*Exercise inputs*.

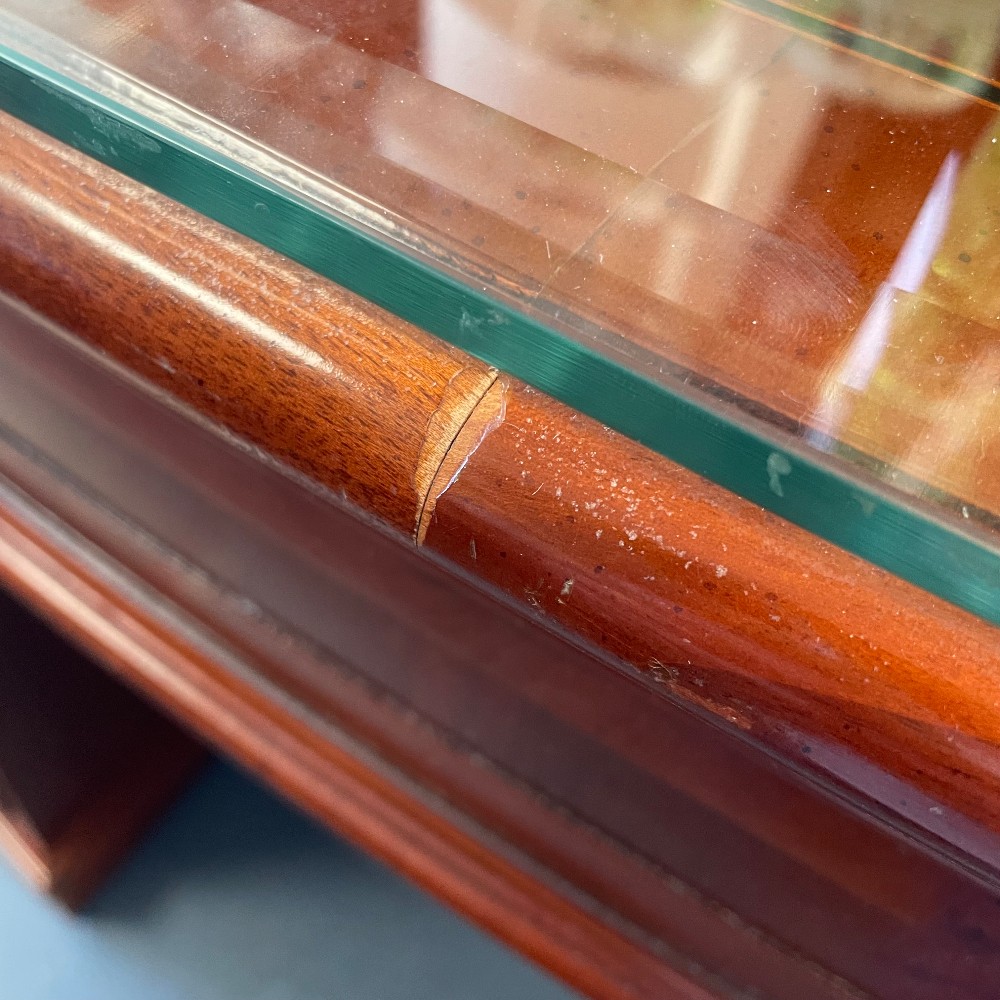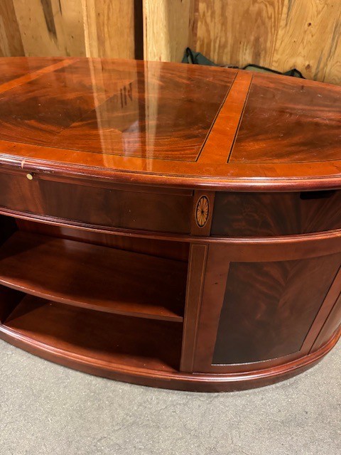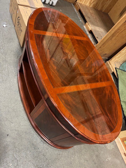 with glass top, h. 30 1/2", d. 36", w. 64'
---
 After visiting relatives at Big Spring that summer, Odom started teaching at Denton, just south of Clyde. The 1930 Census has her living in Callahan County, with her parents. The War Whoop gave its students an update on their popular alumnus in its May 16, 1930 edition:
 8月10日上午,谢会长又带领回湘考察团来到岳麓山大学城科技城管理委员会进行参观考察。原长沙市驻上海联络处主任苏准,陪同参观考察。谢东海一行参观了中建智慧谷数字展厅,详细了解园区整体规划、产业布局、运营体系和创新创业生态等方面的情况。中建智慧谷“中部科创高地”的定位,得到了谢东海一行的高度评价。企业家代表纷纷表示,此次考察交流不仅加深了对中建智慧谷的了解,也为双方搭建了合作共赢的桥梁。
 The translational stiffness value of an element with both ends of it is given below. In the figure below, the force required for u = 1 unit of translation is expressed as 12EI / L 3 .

*Exercise prompt*.
Everything in the material above from the line that has "After visiting relatives" through the line that has "8月10日上午,谢会长又带领" must be duplicated exactly, with no other lines given.

*Your response*.
 After visiting relatives at Big Spring that summer, Odom started teaching at Denton, just south of Clyde. The 1930 Census has her living in Callahan County, with her parents. The War Whoop gave its students an update on their popular alumnus in its May 16, 1930 edition:
 8月10日上午,谢会长又带领回湘考察团来到岳麓山大学城科技城管理委员会进行参观考察。原长沙市驻上海联络处主任苏准,陪同参观考察。谢东海一行参观了中建智慧谷数字展厅,详细了解园区整体规划、产业布局、运营体系和创新创业生态等方面的情况。中建智慧谷“中部科创高地”的定位,得到了谢东海一行的高度评价。企业家代表纷纷表示,此次考察交流不仅加深了对中建智慧谷的了解,也为双方搭建了合作共赢的桥梁。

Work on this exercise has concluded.